**YOUR INSTRUCTIONS:**
Your answer must match, word for word, the lines from the one holding "Остановился Саврасов... Что" through the final line below, with pictures excluded.
-*-
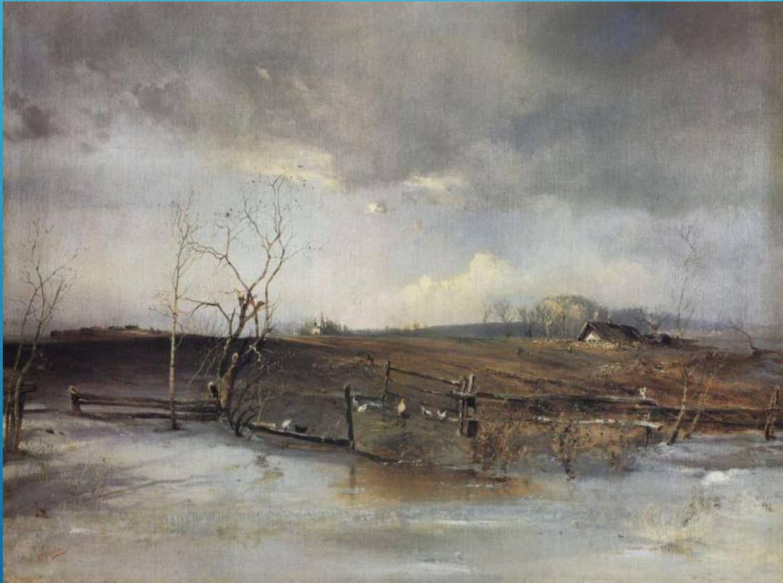
А. К. Саврасов. Весна. Огороды. 1893

Остановился Саврасов... Что же делать-то? Ноги уже совсем промокли, ветер все сильнее да холоднее... На такой стуже кисточку в руках и не удержишь. Да и охоты нет - ни красками писать, ни карандашом рисовать: не годится такой вид для картины.
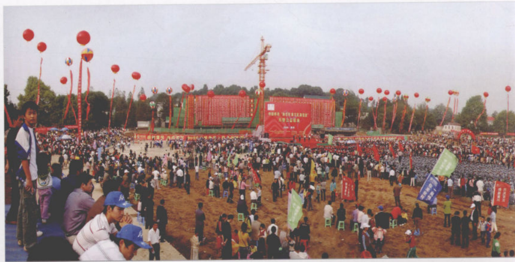
老区新事
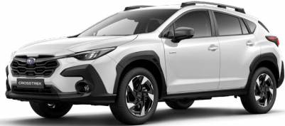
Crystal White Pearl
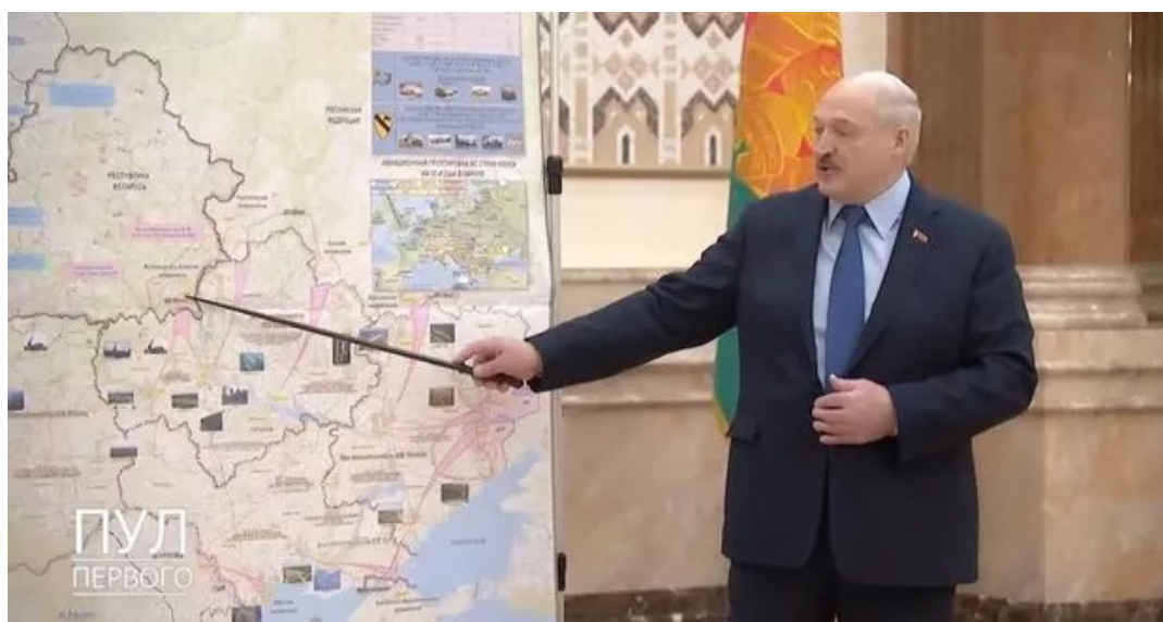
Lukašenko ukázal tajný plán v televizi

Odpověď: Ne, není to pravda. Ruští vojáci hrají na Ukrajině zábavnou vědomostní hru „Poznej tajemný předmět“. A protože většinu z těchto věcí doma nikdy neviděli, musíte uznat, že si výhru právem zaslouží.
-*-
**REPLY TO THE TASK:**
Остановился Саврасов... Что же делать-то? Ноги уже совсем промокли, ветер все сильнее да холоднее... На такой стуже кисточку в руках и не удержишь. Да и охоты нет - ни красками писать, ни карандашом рисовать: не годится такой вид для картины.
老区新事
Crystal White Pearl
Lukašenko ukázal tajný plán v televizi

Odpověď: Ne, není to pravda. Ruští vojáci hrají na Ukrajině zábavnou vědomostní hru „Poznej tajemný předmět“. A protože většinu z těchto věcí doma nikdy neviděli, musíte uznat, že si výhru právem zaslouží.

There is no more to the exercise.